Across the whole listing, return each line exactly, with no images included.

• DATA SEGMENT:
Start of Block

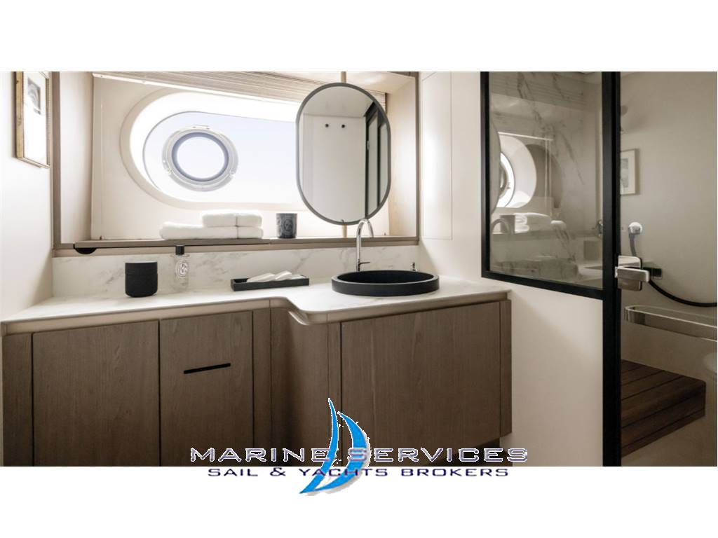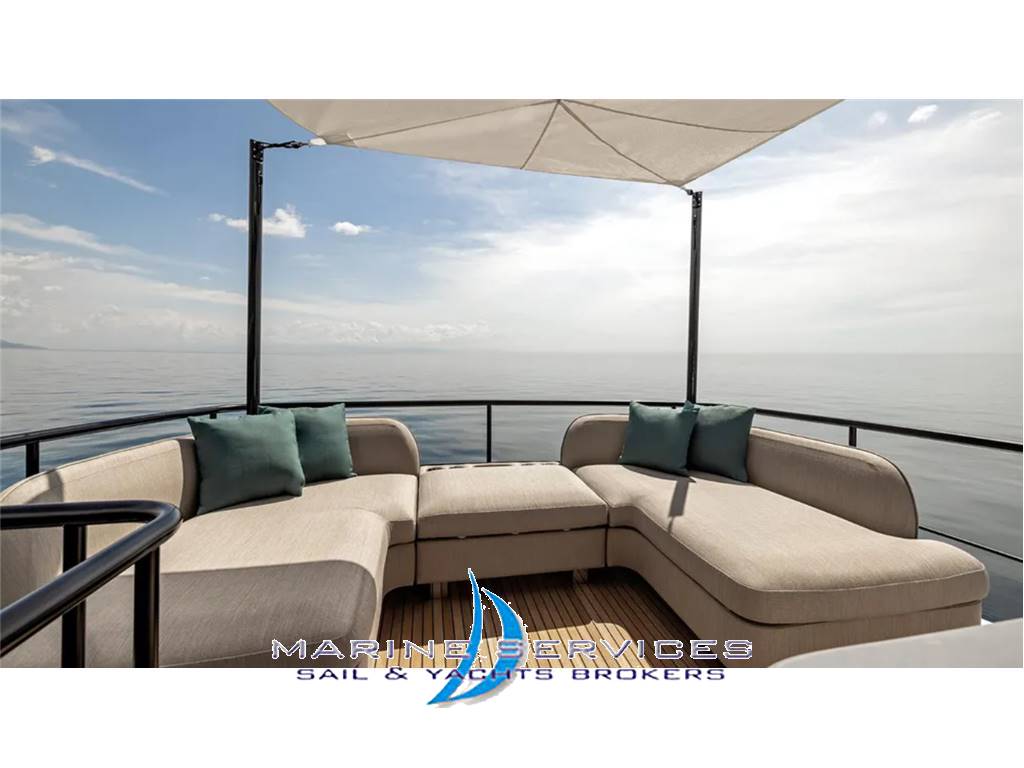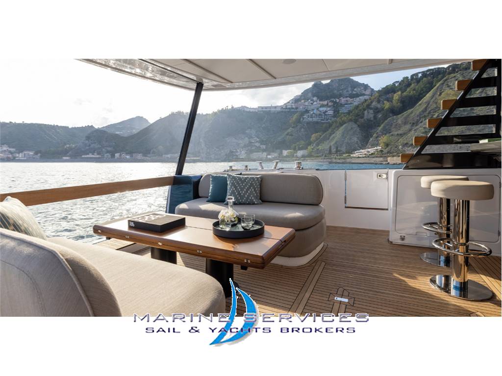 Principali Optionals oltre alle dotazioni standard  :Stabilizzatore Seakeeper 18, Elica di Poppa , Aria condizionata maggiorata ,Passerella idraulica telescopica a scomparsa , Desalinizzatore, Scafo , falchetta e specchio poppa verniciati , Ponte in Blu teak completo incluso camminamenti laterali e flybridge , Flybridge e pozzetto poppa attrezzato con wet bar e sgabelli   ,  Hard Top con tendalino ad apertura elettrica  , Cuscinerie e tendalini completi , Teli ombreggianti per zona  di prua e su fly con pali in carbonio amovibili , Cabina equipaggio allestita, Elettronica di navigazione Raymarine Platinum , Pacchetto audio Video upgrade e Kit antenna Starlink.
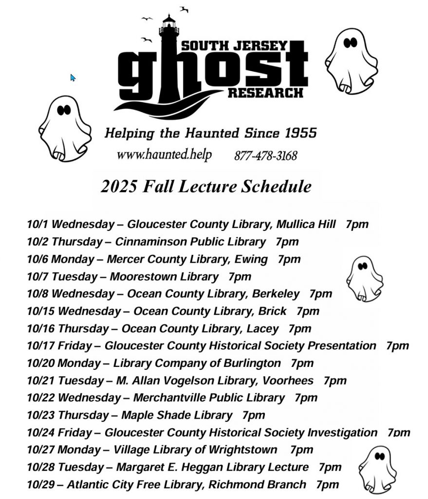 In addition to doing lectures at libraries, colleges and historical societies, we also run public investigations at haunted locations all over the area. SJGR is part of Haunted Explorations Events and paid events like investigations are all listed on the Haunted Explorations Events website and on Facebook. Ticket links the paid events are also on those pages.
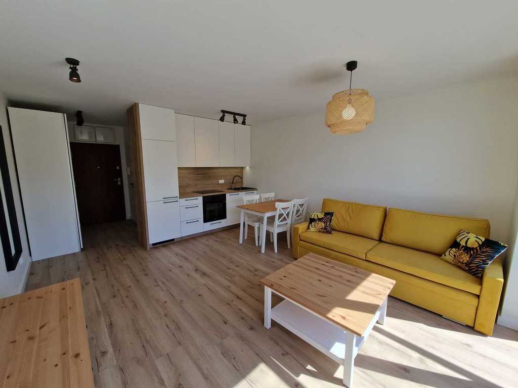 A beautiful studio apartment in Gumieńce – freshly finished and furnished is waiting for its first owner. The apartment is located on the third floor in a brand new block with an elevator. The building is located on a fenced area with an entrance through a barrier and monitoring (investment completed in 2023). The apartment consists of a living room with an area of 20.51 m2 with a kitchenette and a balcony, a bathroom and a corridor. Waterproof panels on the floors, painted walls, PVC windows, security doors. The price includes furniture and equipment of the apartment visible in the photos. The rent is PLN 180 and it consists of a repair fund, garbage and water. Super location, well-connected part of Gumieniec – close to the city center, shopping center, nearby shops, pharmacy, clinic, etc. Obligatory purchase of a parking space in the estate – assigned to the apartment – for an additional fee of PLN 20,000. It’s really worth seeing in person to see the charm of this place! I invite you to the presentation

End of Block

• OUTPUT FOR THIS EXERCISE:
 Principali Optionals oltre alle dotazioni standard  :Stabilizzatore Seakeeper 18, Elica di Poppa , Aria condizionata maggiorata ,Passerella idraulica telescopica a scomparsa , Desalinizzatore, Scafo , falchetta e specchio poppa verniciati , Ponte in Blu teak completo incluso camminamenti laterali e flybridge , Flybridge e pozzetto poppa attrezzato con wet bar e sgabelli   ,  Hard Top con tendalino ad apertura elettrica  , Cuscinerie e tendalini completi , Teli ombreggianti per zona  di prua e su fly con pali in carbonio amovibili , Cabina equipaggio allestita, Elettronica di navigazione Raymarine Platinum , Pacchetto audio Video upgrade e Kit antenna Starlink.
 In addition to doing lectures at libraries, colleges and historical societies, we also run public investigations at haunted locations all over the area. SJGR is part of Haunted Explorations Events and paid events like investigations are all listed on the Haunted Explorations Events website and on Facebook. Ticket links the paid events are also on those pages.
 A beautiful studio apartment in Gumieńce – freshly finished and furnished is waiting for its first owner. The apartment is located on the third floor in a brand new block with an elevator. The building is located on a fenced area with an entrance through a barrier and monitoring (investment completed in 2023). The apartment consists of a living room with an area of 20.51 m2 with a kitchenette and a balcony, a bathroom and a corridor. Waterproof panels on the floors, painted walls, PVC windows, security doors. The price includes furniture and equipment of the apartment visible in the photos. The rent is PLN 180 and it consists of a repair fund, garbage and water. Super location, well-connected part of Gumieniec – close to the city center, shopping center, nearby shops, pharmacy, clinic, etc. Obligatory purchase of a parking space in the estate – assigned to the apartment – for an additional fee of PLN 20,000. It’s really worth seeing in person to see the charm of this place! I invite you to the presentation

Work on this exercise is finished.